Review by Colin Dibben

This brand new 4K restoration of the much-loved film makes me think that Nic Roeg was a good cinematographer but a deeply annoying editor, full of hippy bluster.

After their father tries to kill them, 16-year-old Mary and her younger brother Peter (Roeg) are left to fend for themselves in the inhospitable sun and desert of the outback. A young aboriginal (Gulpilil) takes them under his wing as they traverse a series of harsh, weird landscapes.

The three leads give performances that are still epochal, archetypal.

Think ‘bossy, frightened schoolgirl looking after younger sibling’ and chances are there’ll be some of Jenny Agutter’s performance here in your conception. The same is true for Luc Roeg’s Peter – ‘practical schoolboy with satchel who focuses on his toys’.

David Gulpilil’s performance is more difficult to label this way and is the strongest of the three for that reason. We can’t understand what he is saying but his worldview comes through bright and shining. In a film about shedding the bullshit of civilisation, his character has the least to shred – the actor’s background in dance allows him to act in a physically graceful manner that suggests joy in the face of fate.

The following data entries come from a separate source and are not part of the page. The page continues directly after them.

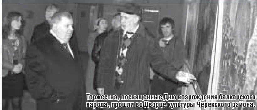
Торжества, посвященные Дню возрождения балкарского народа, прошли во Дворце культуры Черкесского района.

Праздничный день начался с автопробега, который стартовал с площади перед зданием райадминистрации с. Кашхатау. В нем приняли участие около 80 экипажей на автомобилях высокой проходимости из Кабардино-Балкарии, Северной Осетии, Ингушетии, Дагестана, Карачаево-Черкесии, Ставропольского края, Астрахани.
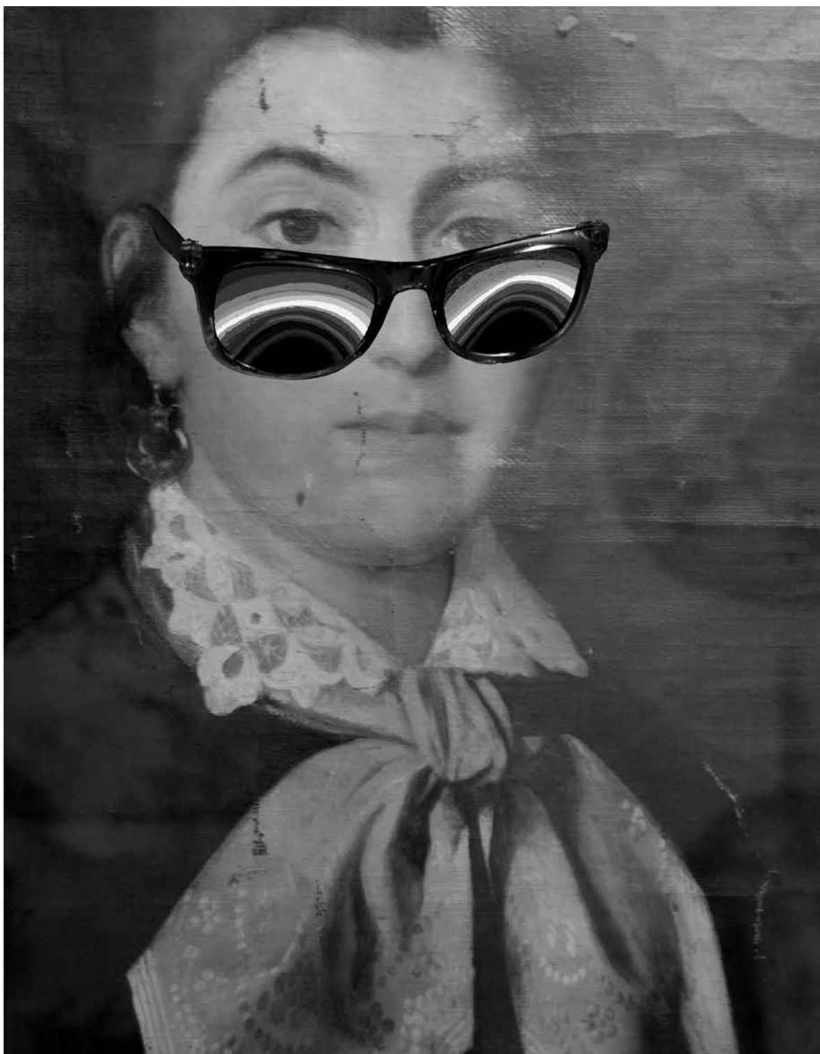
Illusztráció A tizenhetedik vendégpapucs c. meséskönyvből, 2004
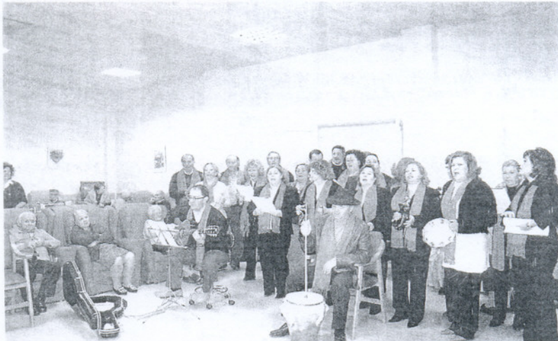
VILLANCICOS. El coro de la asociación de San Lucas hizo las delicias de los mayores.

Asimismo, Alhambra aprovechó oportunidad para agradecer «el esfuerzo y la colaboración que viene realizando el personal de la residencia de ancianos, que han sabido adaptarse a las nuevas exigencias planteadas por la dirección con motivo del ingreso de 15 abuelos más en la misma». «Este aumento de residentes ha supuesto una carga de trabajo que ha obligado a una
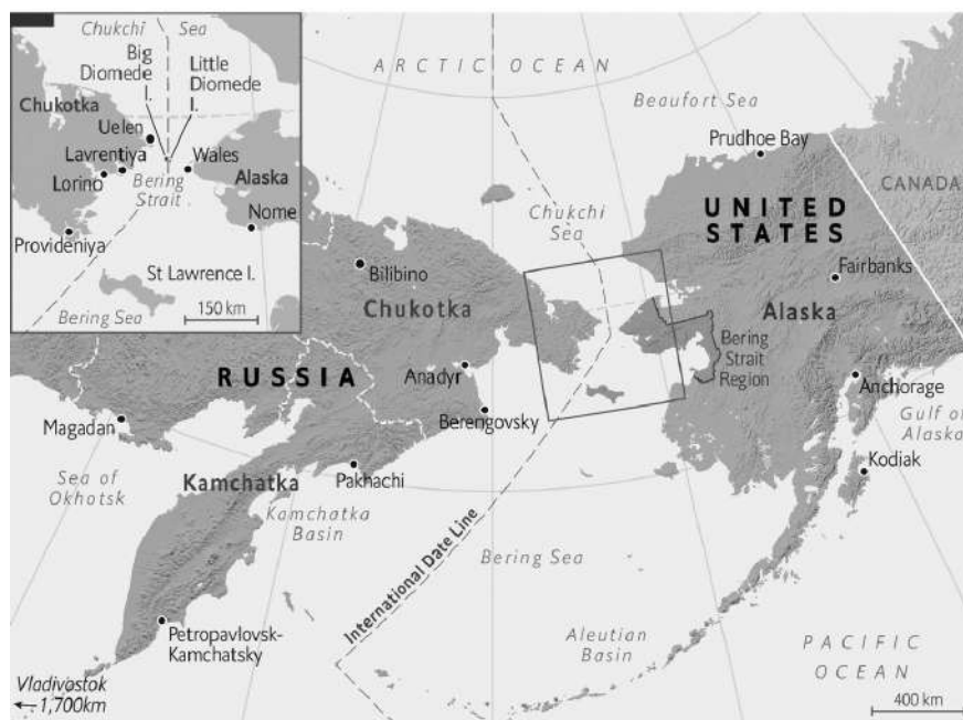
Рис. 2. Административная карта сектора Тихоокеанской Арктики.

2. Процессы, протекающие в этих секторах, имеют весьма существенное пространственно-системное влияние на формирование всего Арктического бассейна и на действие других геопланетарных факторов — геоэкологических, геополитических и геоэкономических.
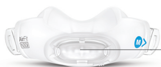
AirFit™ N30i Nasal cradle mask

Housses intégrées Composées d'un tissu doux, elles offrent au patient une expérience plus confortable.
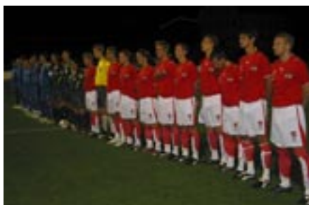
Am 3. Oktober besiegte die österreichische U21-Nationalmannschaft den amtierenden U21-Weltmeister Italien in Schwaz 4:2.

Am Sonntag, dem 1. Oktober 2006 feierte der SC-VW PICKER SCHWAZ gegen Absam das 7000. Meisterschaftsspiel seiner 85-jährigen Vereinsgeschichte. Rechtzeitig zum Jubiläum ist es dem Verein auch gelungen, ein tolles Event nach Schwaz zu holen: Am 3. Oktober spielte erstmals eine U 21 Nationalmannschaft in Tirol - und das gegen den amtierenden U 21 Weltmeister Italien. Der Star der Squadra Azzurra ist derzeit unbestritten Trainer Pierluigi Casiraghi. Der ehemalige Starstürmer von Juventus, Lazio und Chelsea schwingt seit August 2006 das Zepter bei den jungen Azzurri. Und die Sensation war perfekt, als es dem österreichischen U21-Nationalteam gelang, die italienische U21 mit 4:2 vom Platz zu schicken.
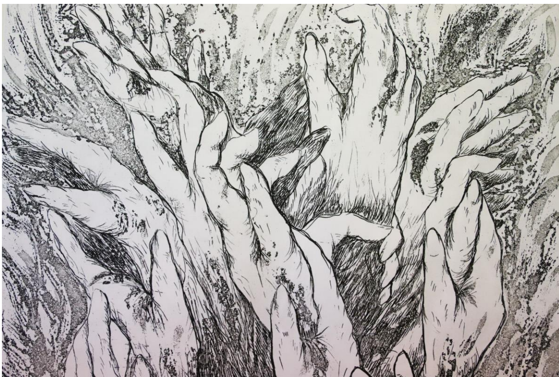
Slika 24. Detalj iz grafičkog lista „Zagrljaj“, kombinirana tehnika, Petra Arežina, 2023.
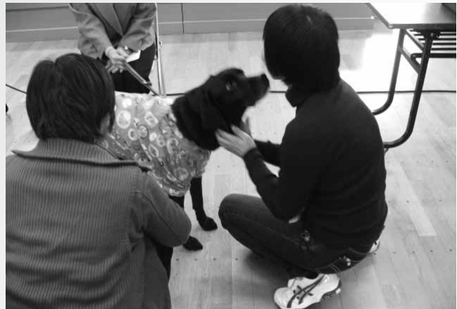
～障がい理解講座より～

盲導犬と初めて触れ合う事ができ新鮮な気持ちになった。障がいを持った方の生活を知る事で、自分にできる事を探すキッカケにつながった。
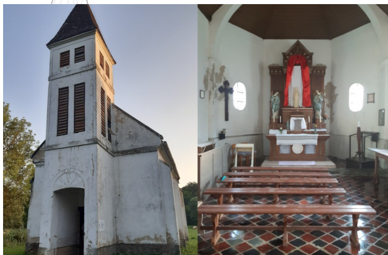
3. Ábra: A latin szentmise helyszíne: a papdi kápolna

A tábor előkészítése során felkészítést kaptak a gyerekek a kezesség ókori gyakorlatáról, és az ókeresztény egyház beavató, és felkészítő folyamatáról. Az 1965-ig egyetlen rítus gazdag jelentésvilágát, a hittartalmak megértését segítő mozzanatait, a misézés részletes rendjét befolyásoló mozzanatok, az oltár (és oltárkö) jelentőségének megértését segítette. A Krisztus felé forduló figyelem nagy tanító erővel bír azok számára, akik szóbeli ismertetést követően vesznek részt egy hagyományos szentmisén. A szentmisét egy erdőben álló kis kápol-
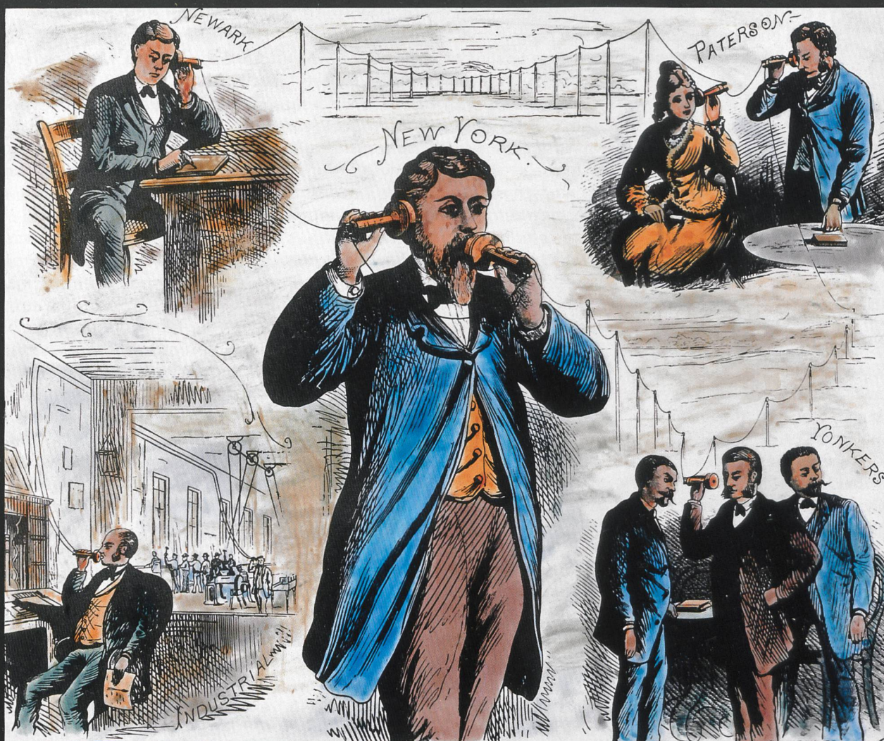
Stich von 1877, Bearbeitung und Kolorierung H. R. Bramaz, Zürich.

Graham Bells Telefon. 1876 war ein bemerkenswertes Jahr in der Geschichte der Erfindungen. Anlässlich der 200-Jahr-Feier zur Gründung der USA wurde in Philadelphia eine Weltausstellung durchgeführt. An dieser galt das Telefon von Graham Bell als die herausragendste Erfindung.
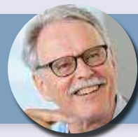
Bruno S. Frey Research Director at Center for Research in Economics, Management & Arts, Zürich

The editing style that I find so annoying here is in many of Roeg’s films. It’s those quick edits of images and flashbacks that are supposed to be deeply significant. I just find them utterly meaningless and self-indulgent, a very psychedelic indulgence that looks more “of its era” as the decades flow by.

Perhaps we have also got used to entrancing, desolate images of the Australian outback. I can imagine that Roeg’s visual imagination here had more power once; but that’s a separate issue from the annoying quirks of editing.

If anything, the image flurries here are attempting to do something that the soundtrack does much better.

The soundtrack features themes by John Barry, added to and mashed up with electronica and other stuff by producer Phil Ramone. It’s a delirium of the senses which works much better than Roeg’s visual flourishes, which are by and large arpeggios of edited nature shots which seem to depict the cliché of ‘nature red in tooth and claw’.

This is a good 4K restoration. Extras include new interviews with Jenny Agutter and Luc Roeg, audio commentary by Luc Roeg and David Thomson and an archive Q&A with Nic Roeg and Jenny Agutter.

Walkabout is on Blu-ray on 08 August 2022.